In the last few years digital printing processes have brought innovation into the fashion industry on a technical and visual level. Yet there have also been companies trying to improve traditional techniques to create new and exciting patterns for textiles.
Vlisco has recently collaborated with Ozwald Boateng, an English fashion designer of Ghanaian descent co-founder of the Made in Africa Foundation, to create a series of fabrics with an architecturally intriguing three-dimensional depth made by combining the company's unique wax technique with the design of the drawings.
Vlisco's fabrics may be synonymous with African fashion, but the history of the company dates back to over 160 years ago when, in 1846, Dutch entrepreneur Pieter Fentener van Vlissingen established a textile company named P.F. van Vlissingen & Co in the city of Helmond.
The company sold batik - made on the Indonesian Island of Java - in Europe and, later, on the West African coast. Batik textiles were made applying hot melted wax to the cloth and then dipping it in dye. Clinging onto the fabric, the wax seeped through it, preventing the dye from penetrating the material. A complicated series of dyeing, drying and waxing stages allowed to create intricate designs in rich colours.
Women in West Africa soon adopted the fabrics and, from the '30s on Vlisco's textiles acquired a more marked African style with bolder colours. As the years passed, the company developed, producing combinations of Indonesian batik, Dutch design and African heritage, and Vlisco also established offices in the Democratic Republic of the Congo, Ghana and Nigeria among the other countries.
In the last few years many prominent fashion designers, but also artists such as Yinka Shonibare, adopted Vlisco fabrics in their collections, but the company also launched special projects with fashion designers who came up with exclusive new patterns in eye-catching colours.
The textiles designed for Vlisco by Boateng - who has often employed the company's fabrics in his menswear jackets - are characterised by strong colours and a special depth that gives the illusion the pattern has a three-dimensional quality about it.
These patterns are usually built up layer by layer on the white cotton, from the application of the drawings using the wax technique in the first stage, to the step-by-step application of various colours.

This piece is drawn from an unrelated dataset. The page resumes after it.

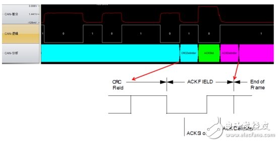 的含義。 下面我們通過一個實例來看看CAN節(jié)點是如何進行ACK SLOT的動作的。我們抓取一個總線上面的信號波形,此波形已經(jīng)是通過82C251解碼過后的。 此主題相關圖片如下: 抓取的波形,圖中

These effects give the product a hand-made, diverse and layered appearance and the uncontrolled blending and shifting of colours is part of the final design.
One intriguing point for people interested in the narrative power of textiles is the Vlisco page recounting the stories behind specific patterns, which also explains the origins of the names of the fabrics.
A pattern covered in swallows refers for example to this bird as a symbol of good luck, but also hints at the process of asking for a favour.
In Ghana the print refers to the transience of riches and to the fact that you may be rich today and poor tomorrow since money has wings and can fly away; in Togo the pattern is called instead "Air Afrique" because the fabric was also used in the uniform of the local airline company.
There are plenty of stories on the Vlisco page and, the best thing is that - if the site visitors genuinely like them - they can always order the fabrics linked with those stories and reinterpret them in their own styles and fashion.